Весь день они провели в постели. Проснувшись, бурно целовались. Потом Шурка в одной рубашке бежала доить козу, и они пили молоко с хлебом. Потом снова: «Скажи: та чи вы?», снова засыпали, опять целовались и опять засыпали. Леська был так непривычно счастлив, будто все это происходило не с ним, а с кем-то другим.
Летом он видел на пляже множество женских тел. Позолоченные загаром, они напоминали статуи. Живые статуи, и только. Это была эстетика. Женщины на пляже лишены эротической остроты, потому что море, небо, дюны, многолюдье лишает их того, что делает их женщинами: интимности. Но Шурка... Загар с нее за зиму сошел, и теперь тело ее блистало, излучаясь в полутьме каким-то волшебным сверканьем. Мужские тела никогда так не сверкают. Это был свет женщины. Свет, которого никогда не увидишь, если женщина не твоя.
И еще одна мысль захватила Елисея. Чем счастливей чувствовал он себя с Шуркой, тем жарче ненавидел войну. Человеку дано такое изумительное: страсть. Как же смеет война отнимать у него это? И почему люди это допускают? Как могут терпеть? Не дети, которые ничего не понимают, не старики, которые ко всему остыли, а именно молодежь почему-то обязана убивать друг друга, отнимая друг у друга Шурку — ни для себя, ни для других.
И все же на третий день война постучалась в дверь избушки на курьих ножках. Сказка кончилась. Вошли два германских солдата и немец-колонист.
— Напиться просит, — сказал колонист.
Шурка подала им жестяную кружку с веснушками ржавчины и указала на бочку с водой. Германец брезгливо покосился на кружку.
— Ржавчина это здоровье, — сказала Шурка. — В ржавчине железо.
Колонист перевел. Немец засмеялся и стал
пить. Другой солдат уставился на Леську и что-то спросил по-немецки.— Он спрашивает: кто этот раненый?
— Это мой муж, и никакой он не раненый, во-первых! — строптивым тоном выпалила Шурка.
Колонист перевел.
— А почему же у него ранение?
Колонист перевел.
— Ах, это! — Шурка лукаво засмеялась. — Это дела домашние. Пришел вчера пьяный, начал придираться, полез в драку, но я его так хватила сковородкой — и кожу рассекла.
Колонист перевел и рассмеялся. Солдаты с хохотом ушли.
— Ну и молодец же ты, Шурка!
— А что? Думаешь, немцев обмануть нельзя? Они беспечные!
Но тут вернулся колонист.
— А вы, ребята, будьте осторожны. Бинт у вашего мужа госпитальный. Если вы его сковородкой, откуда же у вас мог оказаться такой бинт? А? Вот я и говорю. Будьте осторожны.
Шурка кинулась к немцу и поцеловала его в щеку.
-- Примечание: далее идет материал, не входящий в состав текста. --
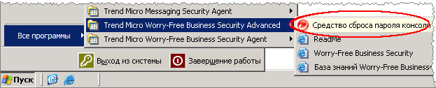 Если вы забыли свой пароль, можно воспользоваться средством сброса пароля консоли. Для этого на сервере Security Server выберите соответствующий пункт в папке Trend Micro Worry-Free Business Security в меню Windows «Пуск». ![]() |
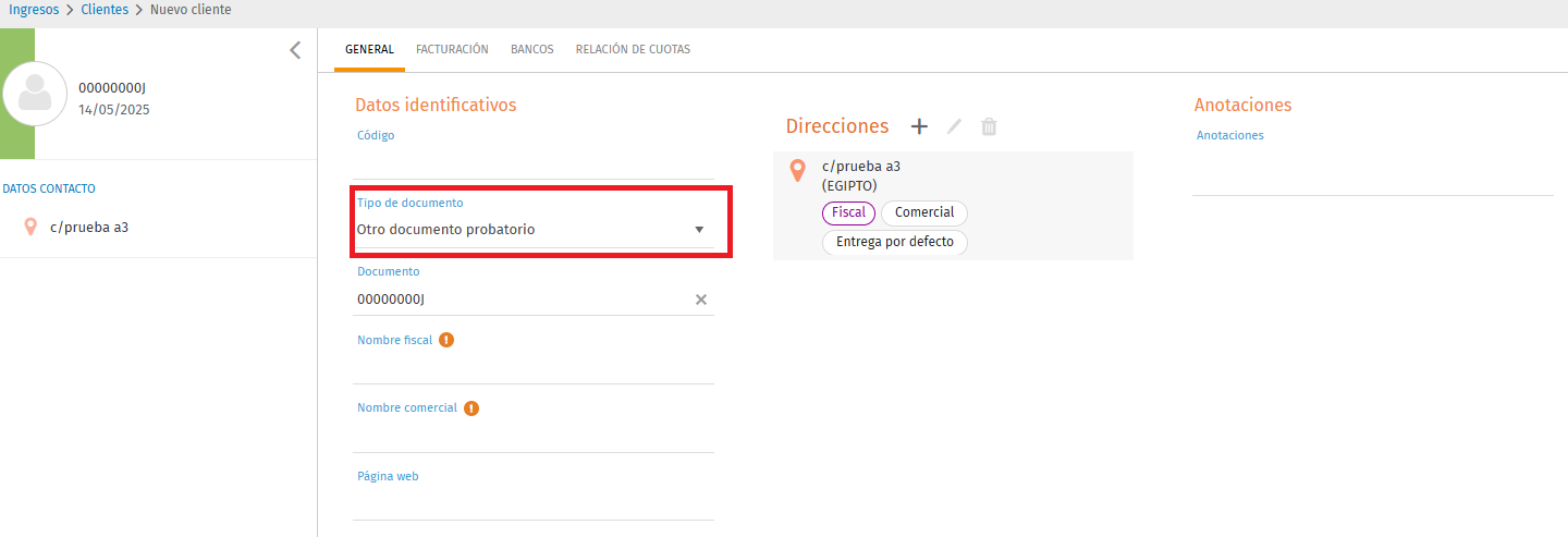 Para poder facturar a un cliente que tiene identificación nacional (DNI/NIE), pero la dirección fiscal es extranjera, se debe informar en el "tipo de documento" en la ficha del cliente "Otro documento probatorio", tal y cómo muestra la siguiente imagen:

— Спасибо! — сказал немец и покраснел.
Потом закрыл за собой нижний ставень и быстро пошел за германцами.
— Все-таки русский немец... — умиленно сказала Шурка.
— Наверно, коммунист, — раздумчиво произнес Елисей.
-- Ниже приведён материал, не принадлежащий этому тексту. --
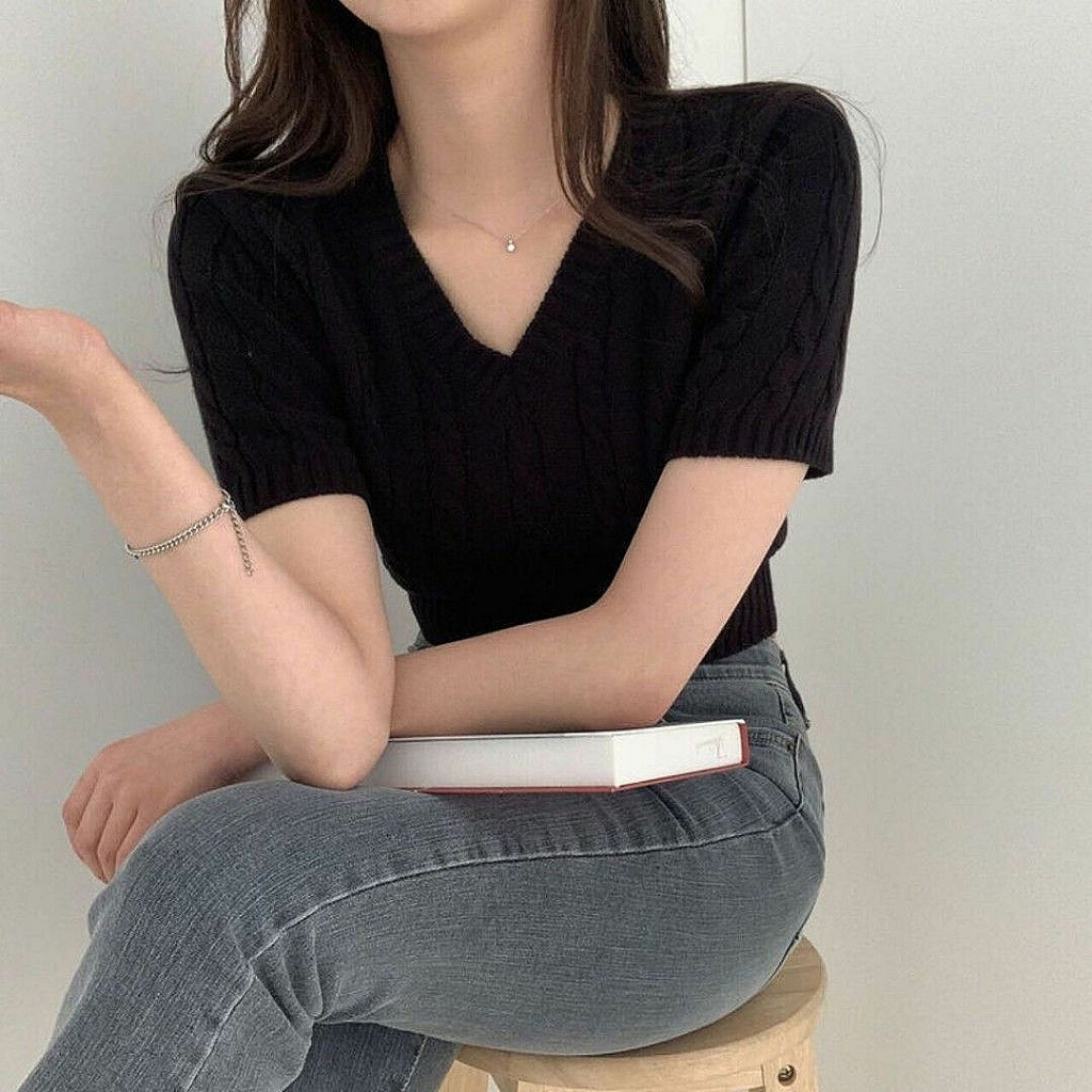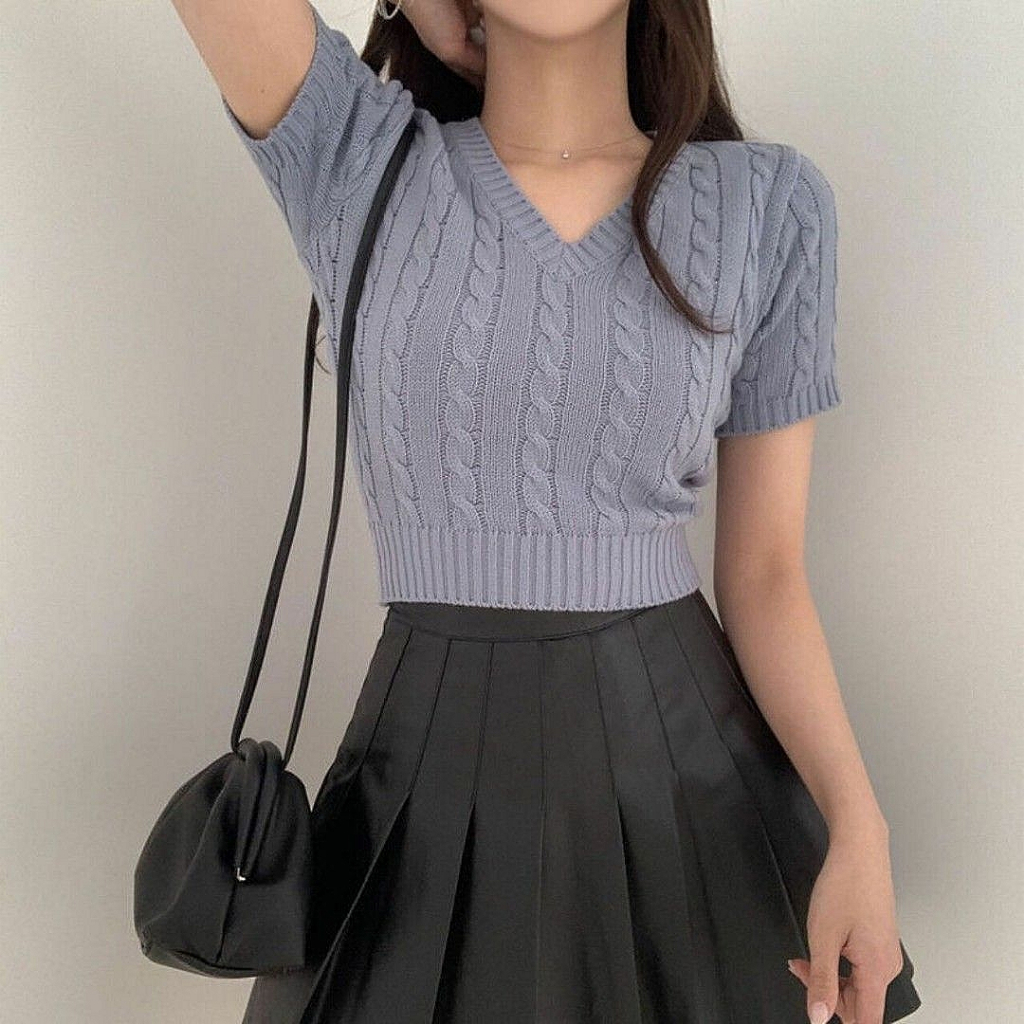 Atasan Rajut Knit Cable Crop Top Tebal Alexasteven

— Почему «наверно»? Как хороший человек, так и коммунист?
— В наши дни, пожалуй, так, — улыбнулся Леська.
— А я разве плохая?
— Ты чудесная!
Все же порешили, что Леське надо уходить: уж очень близко отсюда германцы.
— А куда ты пойдешь? В Евпаторию пока опасно. Пойди осенью, когда начнутся занятия. Все-таки там директор, он тебя в обиду не даст.
— Пойду в Ханышкой.
Шурка поглядела на него затяжным взглядом.
— А куда мне еще? Там хоть Гульнара меня куда-нибудь спрячет.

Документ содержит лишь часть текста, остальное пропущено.